Brief Bio: Dr. Friedman earned his PhD in High Energy Particle Physics from The University of California at Berkeley. Until recently, he led the Computation Research Group at the Stanford Linear Accelerator Center. He has won numerous awards for his many contributions to mathematical physics, and statistics. He serves or has served on the editorial boards of several top journals. Dr Friedman is a Fellow of the American Academy of Arts and Sciences, and a recipient of the prestigious Parzen Prize for statistical innovation. He is also a recipient of the ACM Data Mining Lifetime Innovation Award. Technometrics recognized two of his papers as Paper of the Year and the Journal of the American Statistical Association recognized two others as Paper of the Year.
For a listing of Dr. Friedman’s publications, please visit http://www-stat.stanford.edu/~jhf/.
Past Lectures: Spring 2008
April 4, 2008
"Stochastic Space-time Modeling using Differential Equations"
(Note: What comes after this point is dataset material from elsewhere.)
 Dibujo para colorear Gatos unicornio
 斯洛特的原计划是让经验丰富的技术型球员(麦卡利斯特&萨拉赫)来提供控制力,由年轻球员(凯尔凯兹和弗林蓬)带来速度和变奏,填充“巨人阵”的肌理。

by Dr. Alan Gelfand (Duke University)
Abstract: We will discuss the use of differential equation models to consider the analysis of two types of space-time data. In one case we look at soil moisture observed at a collection of locations in two hour increments over the course of several months. Soil moisture levels are a complex process that is driven by inputs of precipitation along with transpiration and drainage. Infinitesimal change in soil moisture can be expressed using a differential equation involving forms for transpiration and drainage as a function of soil moisture. In a second case, we consider time point patterns driven by a latent space time intensity surface which is a realization of a stochastic process, that is, our model is an example of a Cox process. The intensity surface is formulated as a growth process characterized through a stochastic differential equation. Our motivating example is to understand annual urban growth through single family home construction. We show how both of these examples can be handled using hierarchical modeling specifications. In each case, we discretize time, replacing integrals by sums. However, each introduces further computational wrinkles. The former works with empirically specified transpiration and drainage functions while the latter treats a very large number of points (roughly 12,000 houses). Results of the analyses will be presented.
Dr. Gelfand's CV
February 29, 2008
"Competitive Brand Salience Analysis Through a Model of Eye-Movements During Visual Research"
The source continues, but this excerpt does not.